Two years one month old had seemed a strapping age for our son’s first baseball game — to us. To him it felt like betrayal. This is the boy who chokes on the bacon he shovels too quickly into his mouth. How dare we hold anything back?
I wonder what other experiences we’ve sheltered him from inadvertently. We try: no TV, regular excursions, playdates with other kids. But what have we missed that we don’t even realize? Parents almost need a checklist of experiences their children should be exposed to within the first two or three years.

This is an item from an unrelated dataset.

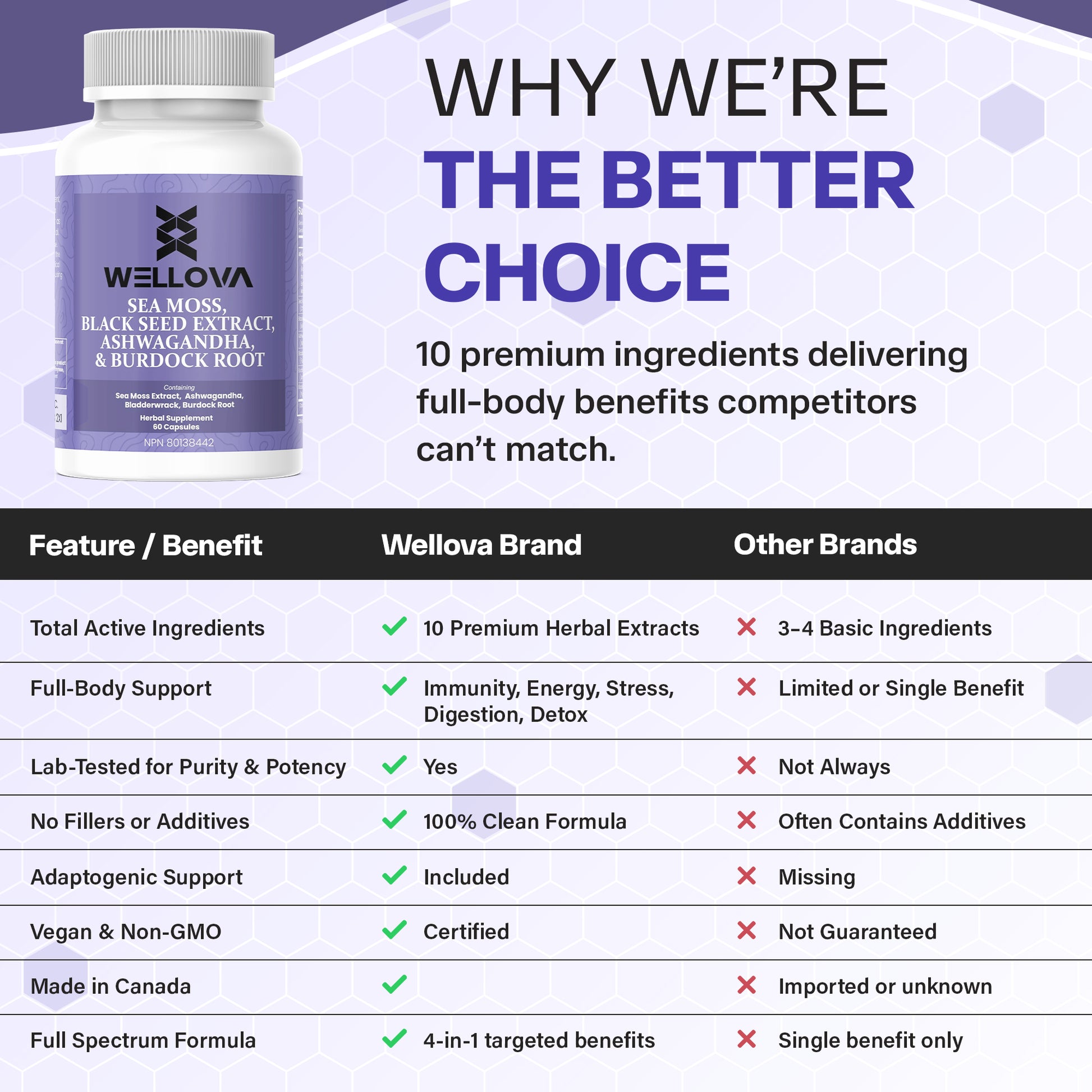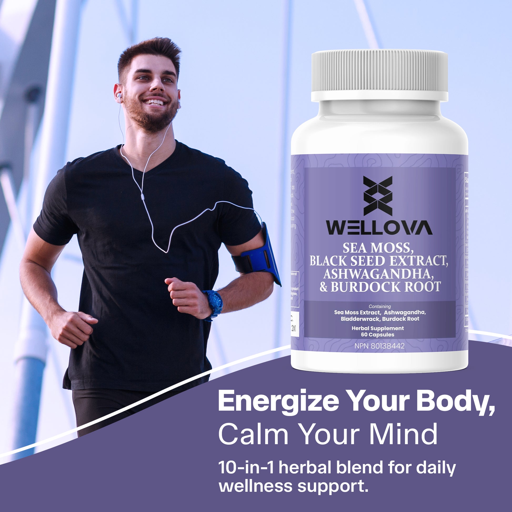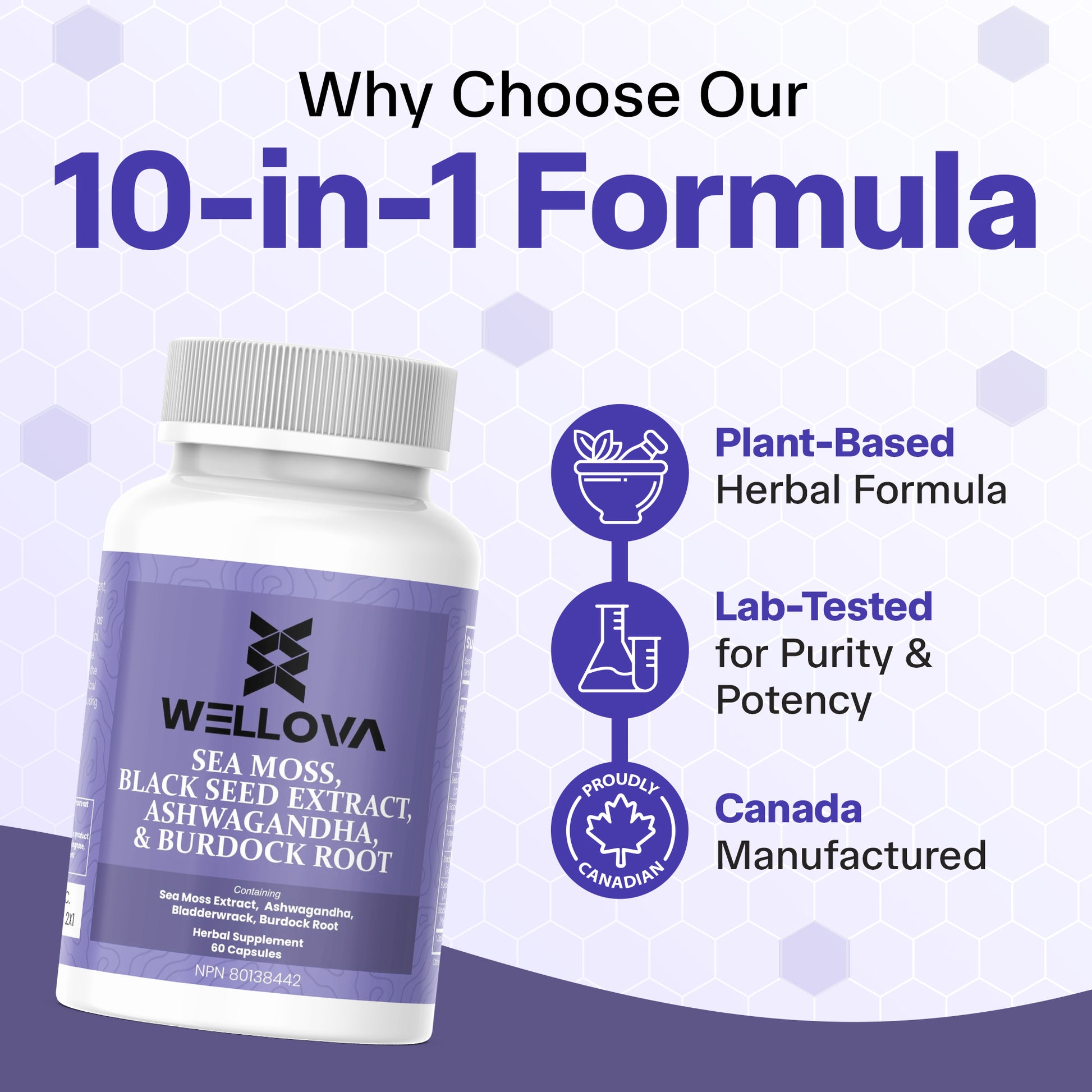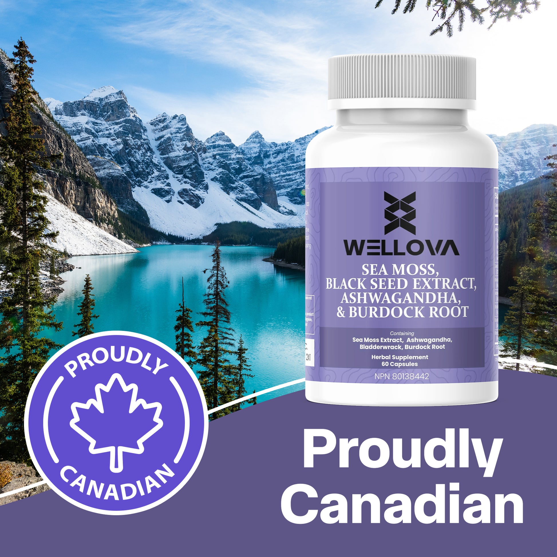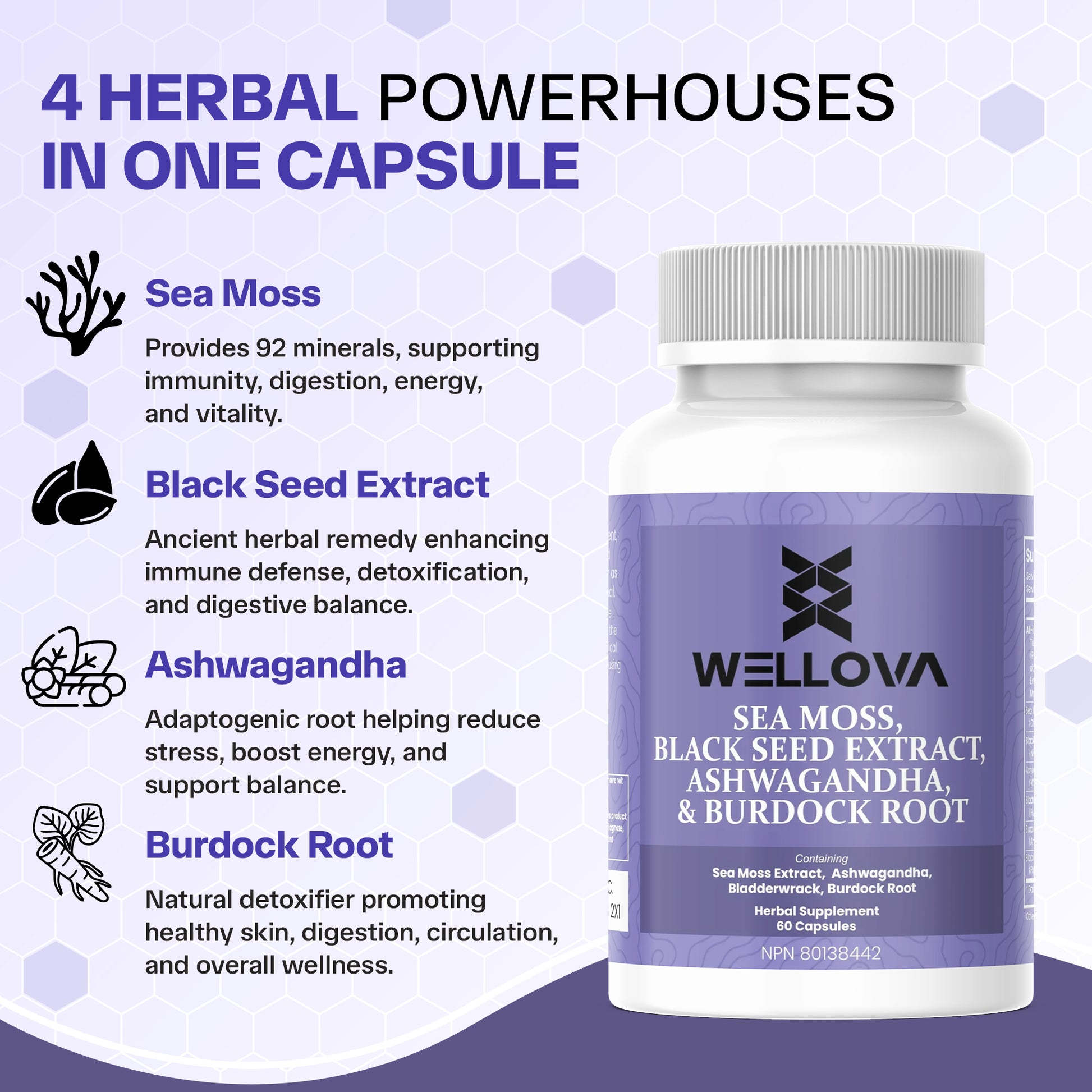 Wellova Sea Moss, Black Seed Extract, Ashwagandha & Burdock Root | Herbal Blend with Bladderwrack | 60 Capsules | Canadian Made | Natural Wellness Supplement

Certainly, as a first-time parent of a boy only two years old, I’m no authority. But below is a first stab at creating an experience checklist.
An Experience Checklist
Within realistic constraints of time, cost, geography and opportunity, parents should expose their children to all of the following:
People
extended family
other children
other parents
babysitters
Academics
books
music, instruments
coloring, painting
puzzles
internet
Institutions
Daddy’s work
Mommy’s work
church
library
airport
mall
stuffmart
flea market
farm
museum, aquarium, science center
restaurant
bank
military (air show, naval ships)
school
sports stadium
movie theater/IMAX
community fair
post office
Activities
pool, water park
concert
fireworks
parade
housework
flying
roadtrip
Nature
beach, ocean
mountain
desert
forest
cave
river
Culture
another national region
another language
another country (extra credit!)
* * * * *
We’ve given our son some of these experiences so far, but not all. If you can suggest additions, please leave a comment so I can include them above.
Of course life’s not a list of “been there, done thats” to be checked off. But for the few years our son will be with us, we are his custodians, custodians of his opportunities. Cruise directors, really. The question is what kind of cruise we’re conducting, what kind of world we’re showing him.
It’s impossible to expose him to everything. I’d just hate, through negligence or laziness, to hold anything back.